[英]Scala : Product with Serializable does not take parameters
My objectif is to read Data from a csv file and convert my rdd to dataframe in scala/spark. 我的目标是从csv文件读取数据并将rdd转换为scala / spark中的数据帧。 This is my code :
这是我的代码:
package xxx.DataScience.CompensationStudy
import org.apache.spark._
import org.apache.log4j._
import org.apache.spark.SparkContext
import org.apache.spark.SparkContext._
import org.apache.spark.SparkConf
import org.apache.spark.sql.Row
import org.apache.spark.sql.functions.{col, udf}
import org.apache.spark.sql.types._
import org.apache.spark.SparkContext
import org.apache.spark.sql.SQLContext
object CompensationAnalysis {
case class GetDF(profil_date:String, profil_pays:String, param_tarif2:String, param_tarif3:String, dt_titre:String, dt_langues:String,
dt_diplomes:String, dt_experience:String, dt_formation:String, dt_outils:String, comp_applications:String,
comp_interventions:String, comp_competence:String)
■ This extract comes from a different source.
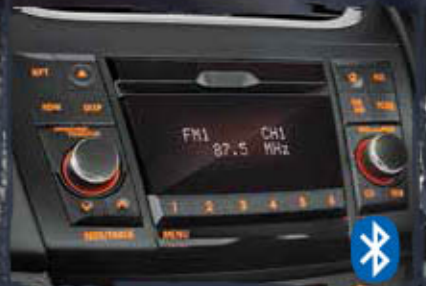
AUDIO SYSTEM WITH BLUETOOTH

def main(args: Array[String]) {
Logger.getLogger("org").setLevel(Level.ERROR)
val conf = new SparkConf().setAppName("CompensationAnalysis ")
val sc = new SparkContext(conf)
val sqlContext = new org.apache.spark.sql.SQLContext(sc)
import sqlContext.implicits._
val lines = sc.textFile("C:/Users/../Downloads/CompensationStudy.csv").flatMap { l =>
l.split(",") match {
case field: Array[String] if field.size > 13 => Some(field(0), field(1), field(2), field(3), field(4), field(5), field(6), field(7), field(8), field(9), field(10), field(11), field(12))
case field: Array[String] if field.size == 1 => Some((field(0), "default value"))
case _ => None
}
}
At this stade, I had the error : Product with Serializable does not take parameters 在此情况下,我遇到了错误: 具有可序列化的产品未接受参数
val summary = lines.collect().map(x => GetDF(x("profil_date"), x("profil_pays"), x("param_tarif2"), x("param_tarif3"), x("dt_titre"), x("dt_langues"), x("dt_diplomes"), x("dt_experience"), x("dt_formation"), x("dt_outils"), x("comp_applications"), x("comp_interventions"), x("comp_competence")))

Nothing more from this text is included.